**Your assignment:** Give back the lines below exactly, but do not include any pictures.

**Dataset extract:**
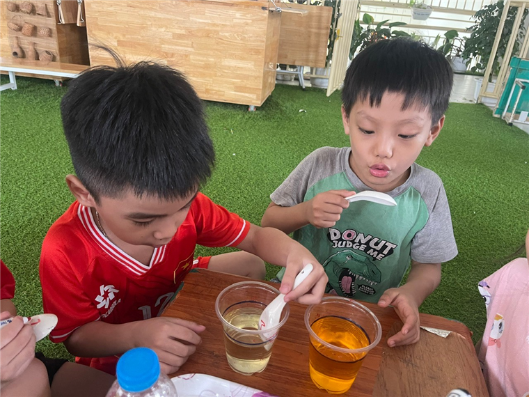 Với thìa khuấy trong tay, các con tự do "vẽ" nên những bức tranh trừu tượng của riêng mình. Đó có thể là những vòng xoáy ốc, những dải ngân hà, hay đơn giản là những mảng màu đan xen đầy ngẫu hứng.
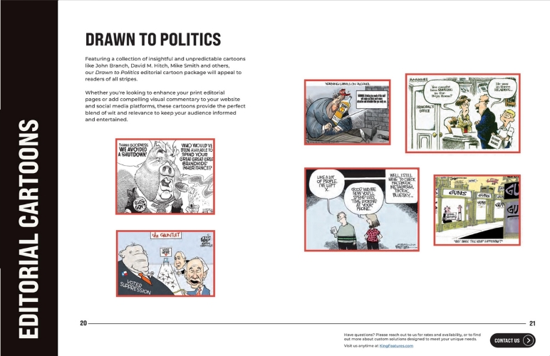 The Political Cartoonist page remains the same as last year minus the third paragraph list of the contributors. Those syndicated by KFS are John Branch, David M. Hitch, Lee Judge, Jimmy Margulies, Mike Smith, and Kirk Walters. Margulies remains on the King Features roster but is also on the Cagle Cartoons page (?!). Ed Gamble hasn’t shown up at Comics Kingdom since last Spring (I think we missed his quiet retiring).
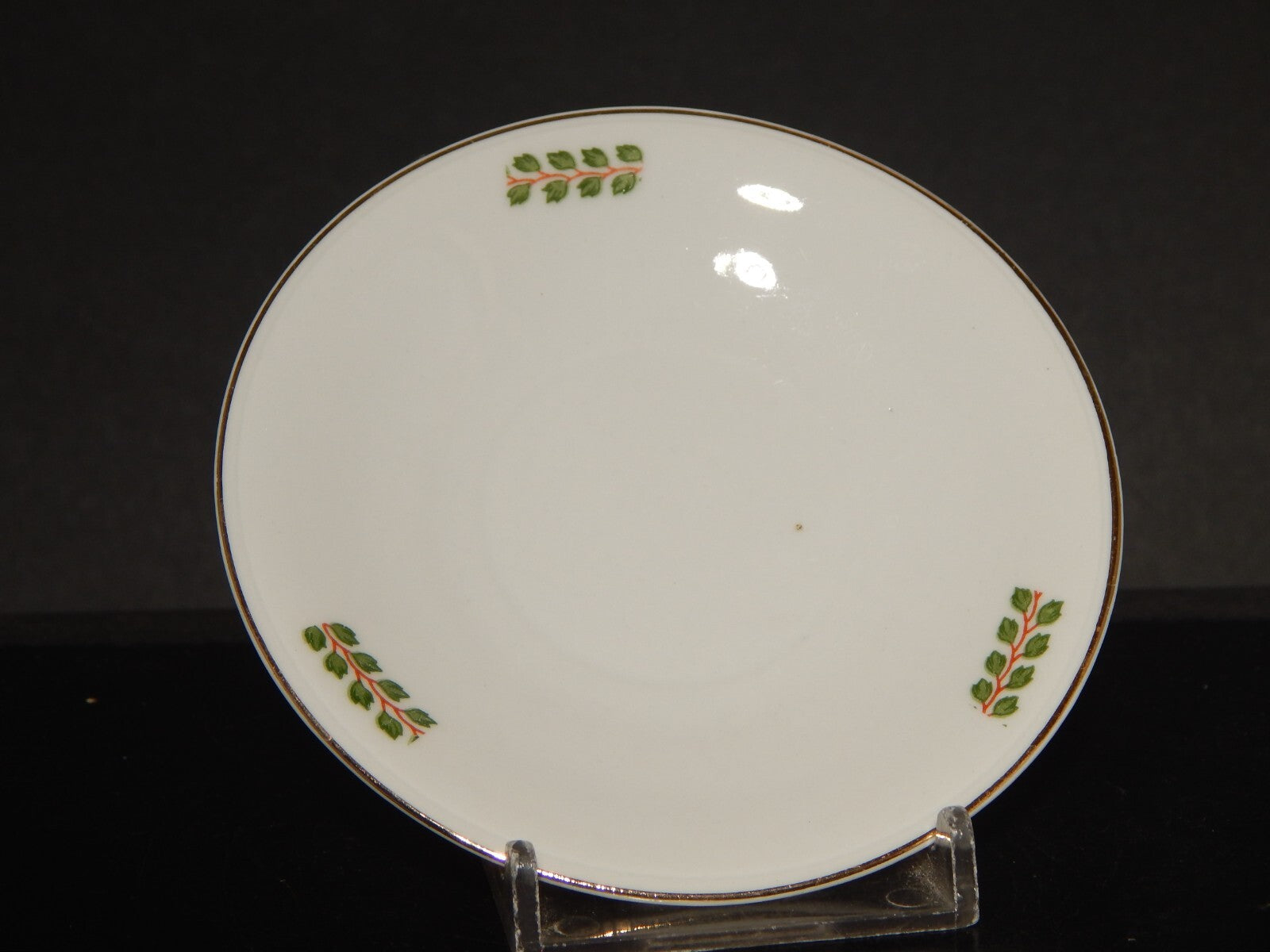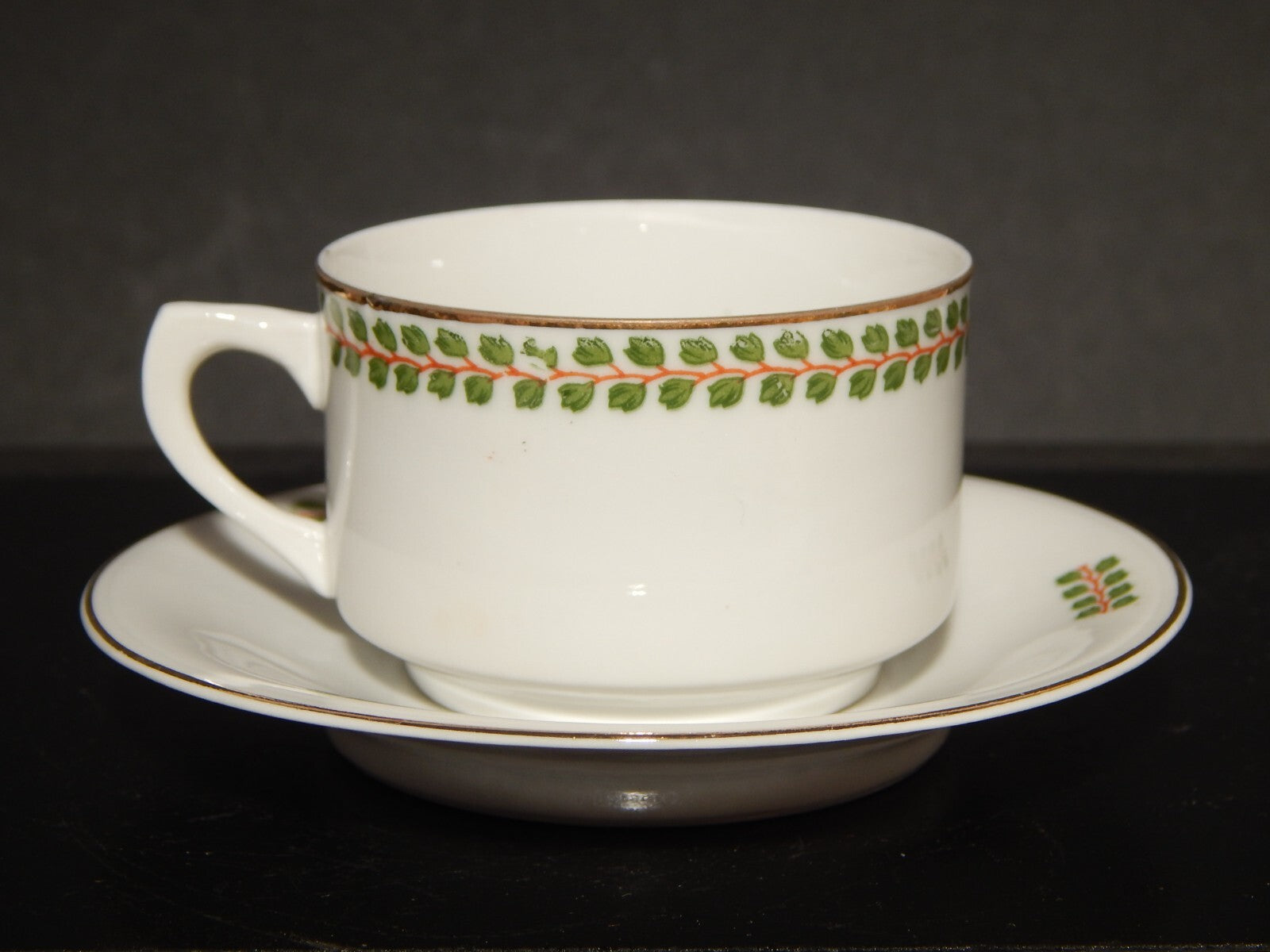 ANTICA TAZZINA CAFFÈ PORCELLANA BIANCA GHIRLANDE PICCOLE FOGLIE VERDI #1232
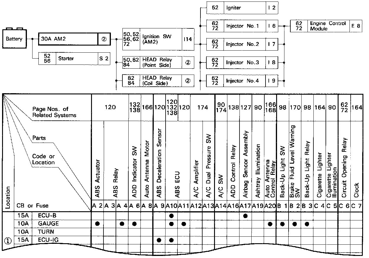 The chart below shows the route by which current flows from the battery to each electric source (Fusible Link, Circuit Breaker, Fuse, etc.) and other parts.
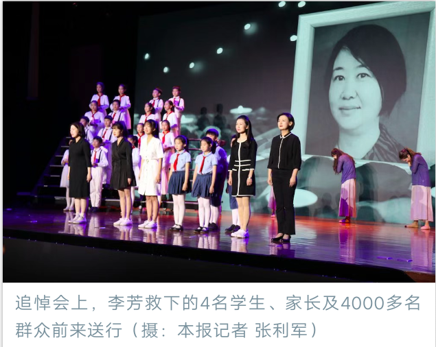 在李芳的追悼会上,4000余名群众从四面八方纷纷赶来,为她送行。其事迹被全国各大媒体、网站进行报道后,更是感动了无数国人。
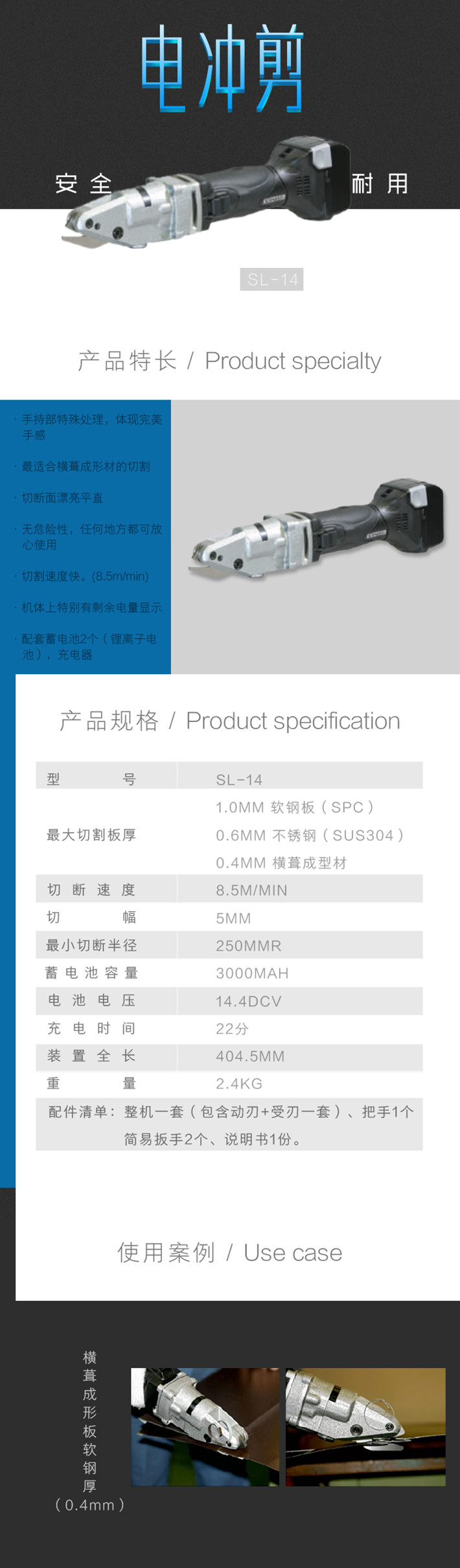 中山川井貿易有限公司是日本三和株式會社在中國的總代理,銷售維修日本三和SANWA電沖剪、坡口機。SL-14電沖剪,SL-14切割機,SL-14電剪刀。歡迎垂詢,電話:0760-85338981-605,傳真:0760-85338185,郵箱:sales-ec@zskawai.com,QQ:1521225565
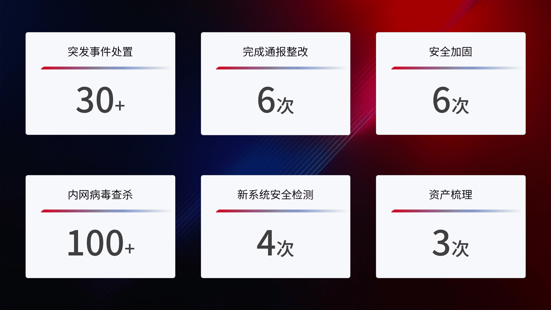 网络安全加固与风险管理:通过技术加固手段,,,如加强区域隔离,,,,缩减攻击内网横向移动的范围;优化现有网络安全管理制度,,降低网络威胁暴露面,,,减少被黑客攻击的可能性。。

**Response:**
 Với thìa khuấy trong tay, các con tự do "vẽ" nên những bức tranh trừu tượng của riêng mình. Đó có thể là những vòng xoáy ốc, những dải ngân hà, hay đơn giản là những mảng màu đan xen đầy ngẫu hứng.
 The Political Cartoonist page remains the same as last year minus the third paragraph list of the contributors. Those syndicated by KFS are John Branch, David M. Hitch, Lee Judge, Jimmy Margulies, Mike Smith, and Kirk Walters. Margulies remains on the King Features roster but is also on the Cagle Cartoons page (?!). Ed Gamble hasn’t shown up at Comics Kingdom since last Spring (I think we missed his quiet retiring).
 ANTICA TAZZINA CAFFÈ PORCELLANA BIANCA GHIRLANDE PICCOLE FOGLIE VERDI #1232
 The chart below shows the route by which current flows from the battery to each electric source (Fusible Link, Circuit Breaker, Fuse, etc.) and other parts.
 在李芳的追悼会上,4000余名群众从四面八方纷纷赶来,为她送行。其事迹被全国各大媒体、网站进行报道后,更是感动了无数国人。
 中山川井貿易有限公司是日本三和株式會社在中國的總代理,銷售維修日本三和SANWA電沖剪、坡口機。SL-14電沖剪,SL-14切割機,SL-14電剪刀。歡迎垂詢,電話:0760-85338981-605,傳真:0760-85338185,郵箱:sales-ec@zskawai.com,QQ:1521225565
 网络安全加固与风险管理:通过技术加固手段,,,如加强区域隔离,,,,缩减攻击内网横向移动的范围;优化现有网络安全管理制度,,降低网络威胁暴露面,,,减少被黑客攻击的可能性。。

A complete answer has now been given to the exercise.